● **WORK TASK**: Make an exact copy of the lines from the one containing "Топ-бандо из плиссированного" through the end of the material, including both ends but no pictures.

** COLLECTED DATA follows **

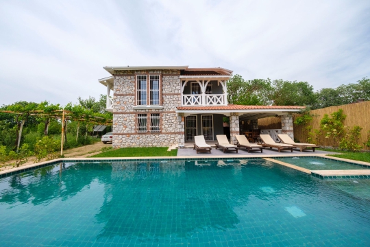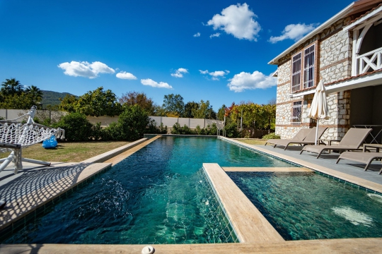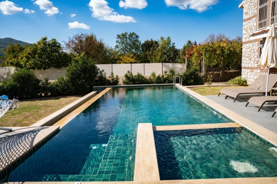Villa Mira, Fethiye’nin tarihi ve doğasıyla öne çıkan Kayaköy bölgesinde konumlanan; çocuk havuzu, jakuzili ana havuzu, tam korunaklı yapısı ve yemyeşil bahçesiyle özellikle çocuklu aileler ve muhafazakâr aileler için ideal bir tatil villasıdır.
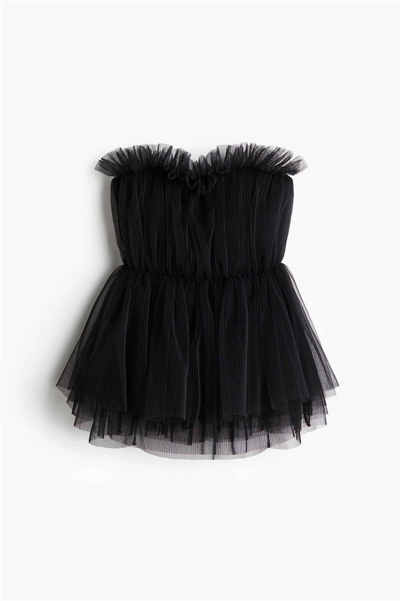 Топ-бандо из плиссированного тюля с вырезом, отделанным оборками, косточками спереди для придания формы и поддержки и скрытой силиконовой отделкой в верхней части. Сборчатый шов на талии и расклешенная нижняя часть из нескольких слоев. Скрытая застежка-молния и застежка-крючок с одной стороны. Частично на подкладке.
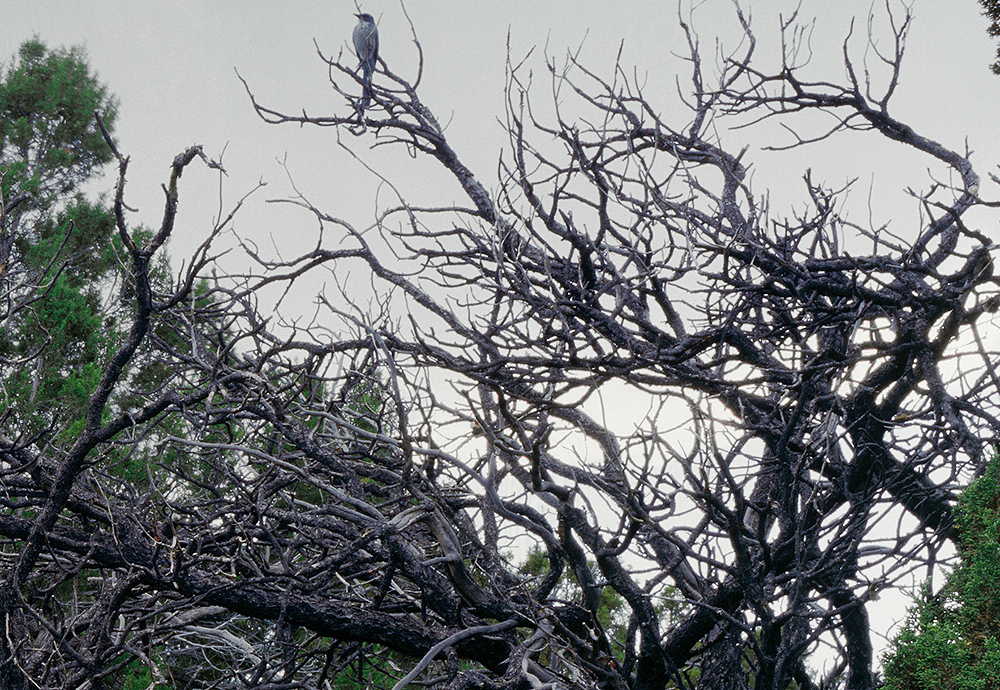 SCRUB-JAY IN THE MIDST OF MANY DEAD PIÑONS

** End of COLLECTED DATA **

● **EXERCISE RESULT**:
 Топ-бандо из плиссированного тюля с вырезом, отделанным оборками, косточками спереди для придания формы и поддержки и скрытой силиконовой отделкой в верхней части. Сборчатый шов на талии и расклешенная нижняя часть из нескольких слоев. Скрытая застежка-молния и застежка-крючок с одной стороны. Частично на подкладке.
 SCRUB-JAY IN THE MIDST OF MANY DEAD PIÑONS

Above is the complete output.